Un autre fait doit être gardé à l’esprit, à savoir que le magasin que nous avons acheté était littéralement un atelier clandestin, et que les ateliers clandestins sont toujours composés de travailleurs inefficaces qui ne peuvent pas trouver d’emploi dans un atelier de qualité supérieure. Les salaires dans ce que l’on appelle les « ateliers intérieurs », gérés par les usines elles-mêmes, commencent toujours là où s’arrêtent les salaires des ateliers clandestins ; ainsi les salaires qui étaient payés dans ce magasin au moment où nous en avons pris la direction ne doivent pas être confondus avec les salaires payés dans les magasins intérieurs des grands fabricants de vêtements de Cincinnati.
Dans ce magasin se trouvaient deux ouvriers qui ont particulièrement attiré mon attention. L’une d’elles était une vieille dame grande et digne, âgée d’environ quatre-vingts ans, qui retirait les bastingages et cousait les boutons. L’autre était un petit bossu qui dirigeait une machine. Tous deux étaient sur cette liste de paie à 4,00 $ par semaine. Les travailleurs possédant un peu plus de capacités que ce qu’ils étaient censés posséder recevaient 5,00 $ et 6,00 $. La femme la mieux payée du magasin touchait 7,00 $. Les presseurs et les hommes « qualifiés » recevaient 18,00 $ par semaine. Telle était la nature de l’échelle des salaires qui m’a été remise lorsque la société A. Nash est devenue propriétaire de sa propre usine.
J’ai regardé cette feuille de paie et j’ai immédiatement vu que quelque chose se dressait entre elle et moi. C’était la Règle d’Or dont j’avais beaucoup parlé récemment. J’ai convoqué mon fils aîné à une conférence et lui ai dit : « Regardez cette feuille de paie. Il faut maintenant se rappeler que le garçon revenait tout juste d’une expérience éprouvante sur les champs de bataille d’Europe ; qu’en conséquence, il était en mauvaise santé et n’avait pas encore commencé à examiner ces questions comme je l’avais fait moi-même.
« Eh bien, qu’en est-il? » » demanda-t-il en parcourant le papier.

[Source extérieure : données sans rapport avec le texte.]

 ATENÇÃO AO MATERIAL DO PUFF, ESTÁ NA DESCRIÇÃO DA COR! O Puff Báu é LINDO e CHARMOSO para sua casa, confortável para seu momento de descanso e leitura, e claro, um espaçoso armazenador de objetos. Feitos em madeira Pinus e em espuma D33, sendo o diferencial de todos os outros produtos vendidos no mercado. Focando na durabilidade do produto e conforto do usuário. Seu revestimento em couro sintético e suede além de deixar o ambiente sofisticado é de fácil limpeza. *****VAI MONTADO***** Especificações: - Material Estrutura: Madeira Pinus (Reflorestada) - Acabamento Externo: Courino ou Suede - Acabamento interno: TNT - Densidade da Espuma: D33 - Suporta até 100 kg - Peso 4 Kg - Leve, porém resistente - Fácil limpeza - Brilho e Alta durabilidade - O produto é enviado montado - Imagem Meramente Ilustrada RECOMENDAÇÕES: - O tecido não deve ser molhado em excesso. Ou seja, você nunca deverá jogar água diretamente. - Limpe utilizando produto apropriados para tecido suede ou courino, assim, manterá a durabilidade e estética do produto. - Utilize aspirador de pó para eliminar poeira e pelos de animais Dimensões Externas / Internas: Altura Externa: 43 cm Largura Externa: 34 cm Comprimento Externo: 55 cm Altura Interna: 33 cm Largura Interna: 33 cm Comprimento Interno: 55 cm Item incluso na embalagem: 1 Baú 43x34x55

« Juste ça, » répondis-je. « Vous avez été avec moi dans certaines des réunions où j’ai pris la parole récemment, au nom de Liberty Loans, et vous savez quelque chose de la ferme conviction qui a surgi dans mon cœur quant à ce que ce monde peut devenir si nous vivons réellement le Règle d’or. Pensez-vous que j’ai une telle conviction que je puisse entrer dans ce magasin samedi prochain et remettre à ces gens des enveloppes de paie avec le salaire indiqué sur cette feuille ?

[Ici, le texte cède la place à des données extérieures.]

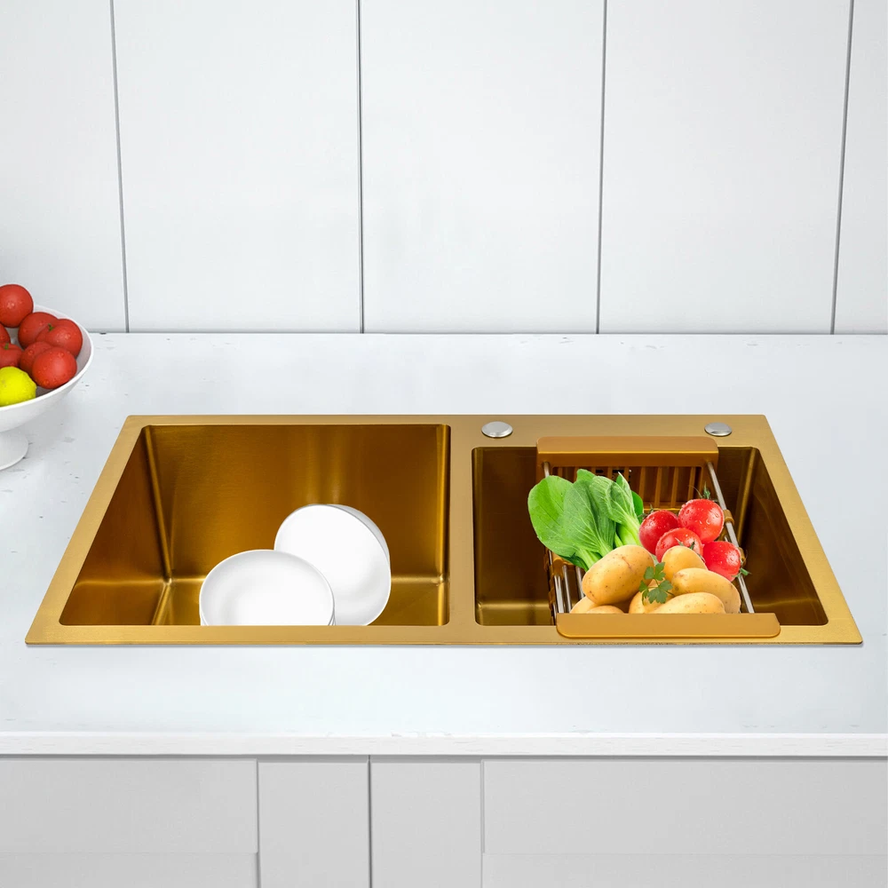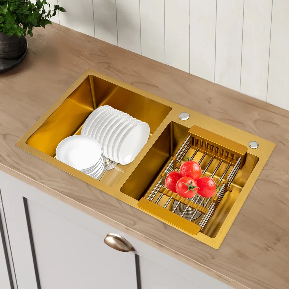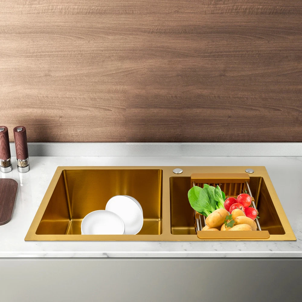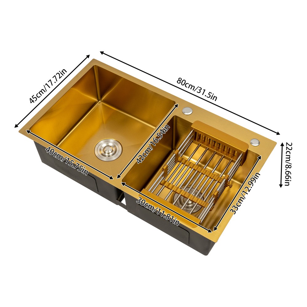 Gold Undermount Kitchen Sink, 80*45 cm Stainless Steel Kitchen Sink Double Bowls Description This 304 stainless steel sink is both stylish and functional. The gold color has a luxurious and shiny appearance, and it is made of high-quality stainless steel, which is sturdy and durable. 2 separate independent bowls with deep depth,a large capacity and a strong carrying capacity are enough to meet your daily washing needs. A good drainage system and a retractable draining basket provide you with a more convenient and cleaner kitchen environment. Key Features Build to Last: This sink is made of high-quality 304 stainless steel with a nano-coating process, which has good corrosion resistance , anti-abrasion and scratch resistance , and is sturdy and durable, ensuring a long service life. Stylish Appearance: This product is gold, giving people a sense of luxury and elegance. Its exquisite and stylish appearance, and smooth lines, make it suitable for most home styles, adding a special color to the kitchen. Large Capacity : Two large (left:15.75*16.54 inches, right: 11.81*12.99 inches) and deep (8.66 inches) sinks allow you to multitask and clean vegetables, fruits, plates, and cookware at one time without splashing, saving time. Strong Load-bearing Capacity: Thanks to its high-quality material, solid rectangular structure, and 3mm thickened panel, it has a weight-bearing capacity of about 198.42 lbs , making it confident for you to handle dishes on it. Good Drainage System: The X-shaped water guiding line and a large-diameter drain can guide water flow and form vortices to achieve rapid drainage without accumulating at the bottom. The special V and F shaped drain pipe drains faster and the standing water in it forms a natural barrier against insects and odors, providing you with a clean kitchen environment. Thoughtful Design: It has environmentally friendly rubber sound-deadening mats, which can effectively reduce the sound of running water. In addition, the product has an anti-condensation coating, which can effectively prevent condensation in winter and avoid moisture and water accumulation in the cabinet. Easy to Clean: With its simple structure and smooth surface, it is easy for you to clean it with a soft cloth(not included). Easy to Assemble : The complete range of mounting parts and the simple construction of the product allow you to install it quickly and accurately in a short time. Quality Service: We are honored that you have chosen our product. We have sufficient confidence in the quality of the product so that you can buy it confidently. But if you have any questions, you can contact our customer service, he will patiently answer and solve your problems. Details R-corner: Smooth R-corner not only enlarges the space, but also increases the beauty of the product, and it improves the safety of use. It also eliminates the dead corner of dirt accumulation for easy cleaning. Anti-overflow Outlet: The product has multiple holes for overflow, which drains water quickly and prevents water from overflowing out due to forgetting to turn off the faucet. Retractable Draining Basket: It can be used to drain fruits, vegetables, washed bowls and plates, etc. Application This product can be used to clean tableware, vegetables, fruits, and so on. It is widely used in kitchens, bathrooms, restaurants, school canteens, bars, dessert stores, coffee shops, hotels, garages, gardens, hotels, etc. Specifications Material: 304 Stainless Steel, Rubber Process: Nano-coating Color: Gold Style: Modern Shape: Rectangular Filtration Mode: Coarse Filter, Fine Filter Assembly Requirements: Yes Mount Type: Topmount, Undermount, Flushmount Stainless Steel Thickness: 3mm/0.12in Number of Bowls: 2 Overall Product Load-bearing Capacity: About 90kg/198.42 lbs Left Bowl Size: 40*42*22cm/ 15.75*16.54*8.66in Right Bowl Size: 30*33*22cm/11.81*12.99*8.66in Overall Product Size: 80*45*22cm/ 31.5*17.72*8.66in Pakage Size: 86*51*27cm/33.86*20.08*10.63in Gross Weight: 8kg/17.64lbs Net Weight: 7.5kg/16.53lbs Package Included 1* 304 Stainless Steel Sink 1* Drain Basket 1*Drain Pipe Notes Please check the size carefully before ordering. Please do not scratch its surface with sharp objects to obtain a longer service life. Please note that this package does not include the faucet. Please do not use strong acids or alkalis to clean items in the sink, and do not put hard objects or rusty metal in contact with the sink for a long time, keep the sink clean by cleaning the tank and drying it with a rag after each use. If you want to get a better installation result, we recommend that you hire a professional plumber to install it. Please allow the slight color difference caused by the shooting light and 1-3cm error due to manual measurement, and make sure you do not mind before you order. Brand Unbranded Type Double Sink Item Height / Item Length / Item Width / Room Kitchen Mounting Undermount Material Stainless Steel Bowl Height 22cm Color Gold Bowl Shape Rectangular Style Modern Number of Faucet Holes 2 Holes Shape Rectangular Assembly Required Yes

« Que pouvez vous faire d’autre? » mon fils a rétorqué. « Si vous ne le faites pas, vous vous assommons. Votre échelle de salaire est la même que celle payée dans tous les magasins similaires, et si vous voulez conserver votre fin, vous ne pouvez rien faire d’autre que de vous y tenir. Ce n’était pas non plus le cas, du moins, à ce moment-là, cela semblait être le cas.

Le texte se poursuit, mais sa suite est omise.